TBMM Başkanı Cemil Çiçek iftar programında yaptığı konuşmada Ramazanın sıradan bir ay olmadığını dile getiren Çiçek, \’\’Ramazan ayı vesilesiyle dostluğumuzu kuvvetlendiriyoruz, birliğimizi, dirliğimizi kuvvetlendiriyoruz. Buna her geçen gün daha fazla ihtiyacımız var, kardeşliğimizi pekiştiriyoruz, insan olduğumuzu daha çok hatırlıyoruz. İnsan olarak da insana insanlara, insanlığımıza karşı da sorumluluğumuzu hatırlıyoruz\’\’ ifadesini kullandı.
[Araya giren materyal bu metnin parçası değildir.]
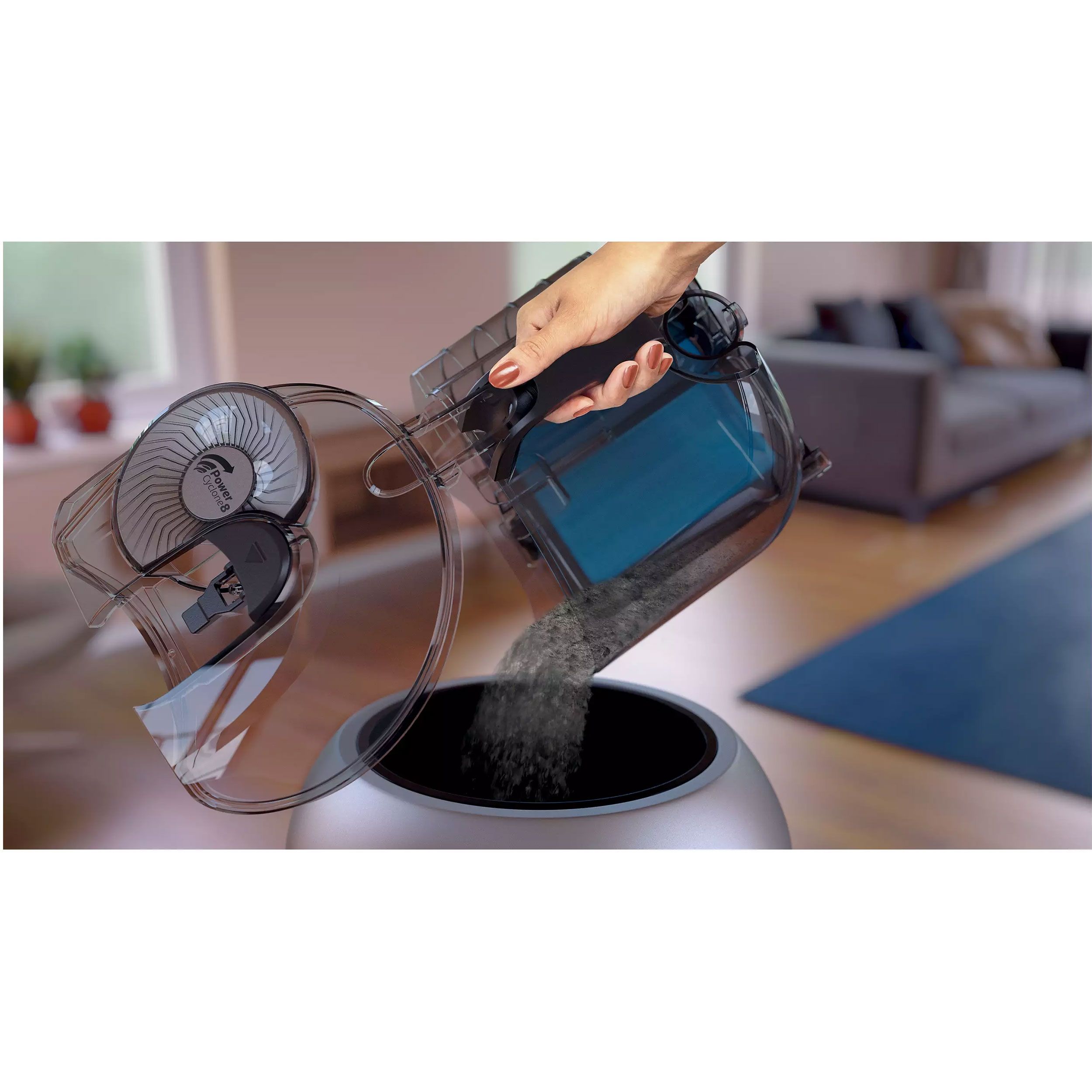 • PowerCyclone 8 asigură cea mai ridicată putere de aspirare pentru mai mult timp

Üzerinde yaşanılan coğrafyanın, ebedi vatanın birçok nimeti, güzellikleri ve özellikleri barındırmasına rağmen, aynı zamanda birçok belayı da çevresinde taşıdığını anlatan Çiçek, bu coğrafyada varlık sürdürmenin yolunun bir ve beraber olmaktan, birliği ve dirliği korumaktan geçtiğini söyledi.
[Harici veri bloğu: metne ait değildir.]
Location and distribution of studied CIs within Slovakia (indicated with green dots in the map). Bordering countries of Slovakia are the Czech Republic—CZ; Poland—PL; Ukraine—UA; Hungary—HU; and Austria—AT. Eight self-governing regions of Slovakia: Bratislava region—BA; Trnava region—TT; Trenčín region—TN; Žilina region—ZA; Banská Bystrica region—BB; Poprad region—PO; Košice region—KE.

Ramazan ayının da bu birliğin, kardeşliğin tesisinden çok önemli bir atmosfer ve iklim oluşturduğuna değinen Çiçek, şöyle devam etti:
\’\’Bu ramazan aylarında doya doya yaşamaya çalıştığımız huzuru, barışı, birliği, kardeşliği hep beraber bir ramazan atmosferi içinde bir yıl sürdürsek, yani bayramın ertesi günü tekrar eski halimize dönmesek de şu kardeşlik havasını bir yıl Türkiye\’de sürdürebilsek, Türkiye en az 25 yıl mesafe kazanır. Bu, bu kadar önemlidir. Türkiye\’nin en çok da buna ihtiyacı var. Elbetteki bir ülkenin, bir devletin birçok şeye ihtiyacı var ama bu coğrafyada en fazla ihtiyaç duyduğumuz şey huzurdur, barıştır, kardeşliktir. Bu, o kadar önemli olduğu içindir ki bütün şer odakları da birliğimizi bozmaya, dirliğimizi azdırmaya, kardeşliğimizi sulandırmaya, aramıza fitne sokmaya çalışıyor. Onun için diyorum ki ramazanla elde ettiğimiz bu güzellikleri bayram sonrasında bir yıl sürdürebilirsek, Türkiye bugün şikayet ettiği, konuştuğu birçok sorunu geri bırakacak, birçok sorunu aşmada çok önemli bir imkan elde etmiş olacak. Belki bu kadar da sorunları çözmede de bedel ödememiş olacağız. \’\’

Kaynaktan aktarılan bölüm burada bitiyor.